Of course, growing up in Kentish Town, London, came with its far share of tough moments, and he realises his path could have been so different.

He had two types of uncles growing up – those who were gangsters and those who were educated – but, as he put it, "what ever I did, I was told I had to be the best at it and work hard".

Luckily for us he chose the latter and although he didn't attend university, he has become more educated than most simply by experiencing life, travelling, standing up for his principles and talking very vocally about the injustices he sees on a daily basis, especially those facing black people.

One example was getting into a good school but then being placed in the lower bands simply because the teachers assessed him as not being as clever as the rest – because of the colour of his skin.

Although we have taken a huge steps forward in trying to combat racism, as he points out, we're still taking too many steps backwards.

The vilification of footballer Raheem Sterling and grime artist Stormzy were two examples of famous black men who had been harangued by the press simply because they had been bold enough to speak out about what they saw as a daily injustice.

He also touched on going to Nelson Mandela’s house in Cape Town for dinner, when his equally famous sister, Ms Dynamite, who performed in South Africa for his Aids charity in 2001.

His sister brought him back to the subject of education, and how one newspaper carried a double-page spread on the fact she was educated.

He didn't like the fact she was immediately cast aside as some kind of fraud because she was clever and rapped about things that mattered. It seemed to rub up certain parts of the press the wrong way. They couldn't get their heads around it.

Akala is also passionate about getting justice for the victims of the Grenfell Tower, as he believes those 72 people died simply because they lived in a poor area.

And there are so many other sides to him as well, like how he uses hip-hop as a vehicle to get his message across, instead of just rapping about guns, bitches and money.

He launched the Hip-Hop Shakespeare Company to bring the bard's "genius" to a wider audience and to produce his work in ways more people could relate to.

Perhaps unsurprisingly, he is a big fan of Jeremy Corbyn. Why? Simply because he sees him as a decent person, someone he saw personally help families in his childhood community on a human level before he became Labour leader.

As for religion? Well, rather than believing in one god, he has chosen to select what he sees as the best of them all, blend them into one, and try to live as a good human being.

Controversial, perhaps, but he is not one to sit on the fence. He tells things how he sees them, whether it makes for uncomfortable viewing, reading, listening – or not.

But that's because he makes you sit up, assess, perhaps disagree, but always think more deeply.

The talk also focussed on his book, Natives: Race and Class in the Ruins of Empire.

He said after writing it he felt huge joy and also complete apathy because he had put that much effort into it.

Having grown in a mixed race family – he has a Scottish mother and Jamaican father – he was politically aware from a very young age.

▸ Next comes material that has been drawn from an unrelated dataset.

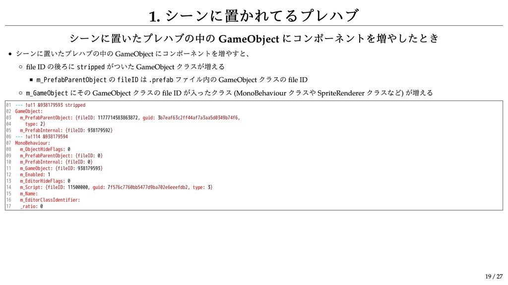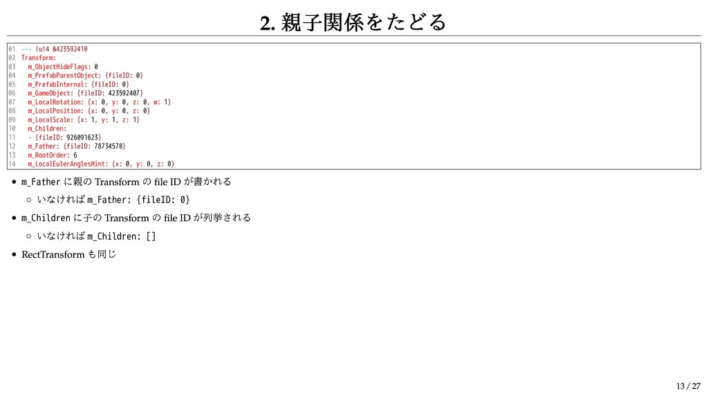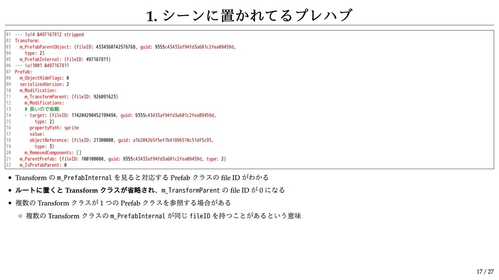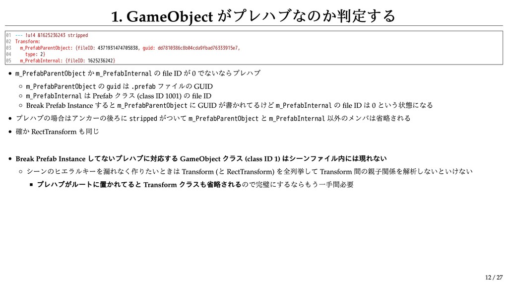&1625236243 stripped Transform: m_PrefabParentObject: {fileID: 4371931474705838, guid: dd7810386c8b04cda9fbad76333915e7, type: 2} m_PrefabInternal: {fileID: 1625236242} m_PrefabParentObject か m_PrefabInternal の file ID が 0 でないならプレハブ m_PrefabParentObject の guid は .prefab ファイルの GUID m_PrefabInternal は Prefab クラス (class ID 1001) の file ID Break Prefab Instance すると m_PrefabParentObject に GUID が書かれてるけど m_PrefabInternal の file ID は 0 という状態になる プレハブの場合はアンカーの後ろに stripped がついて m_PrefabParentObject と m_PrefabInternal 以外のメンバは省略される 確か RectTransform も同じ Break Prefab Instance してないプレハブに対応する GameObject クラス (class ID 1) はシーンファイル内には現れない シーンのヒエラルキーを漏れなく作りたいときは Transform ( と RectTransform) を全列挙して Transform 間の親子関係を解析しないといけない プレハブがルートに置かれてると Transform クラスも省略されるので完璧にするならもう一手間必要 12 / 27

He had to be.

Whether it was dealing with racism, questioning the true legacy of the British empire, turning to crime, preparing for his first stop and search off the police "because that's what happens to black people" or arguing about how knife crime cannot be so easily labelled as black crime - because the root causes run so much deeper than that - he talked passionately about so many subjects.

He talks of survival, being accepted, his racial awakening, and the conflict he felt feeling so angry about what he saw around him while at the same time knowing he had the brain and intelligence to take on the system in a completely different way – through his music, lectures and documentaries (Akala's Odyssey is well worth a watch).

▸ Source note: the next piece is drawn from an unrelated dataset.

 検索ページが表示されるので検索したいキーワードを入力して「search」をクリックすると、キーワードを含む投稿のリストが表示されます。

Perhaps he sums his feeling up most succinctly when he says, "people get more upset by being called a racist than by racist things".

I think what he means by that is rather than going straight on the defensive, we should look at why certain people feel more oppressed than others and discuss it in a much more open way, to try and work out how we can all feel more equal.

Akala has a lot to say and the world would be a better place if more of us listened to him.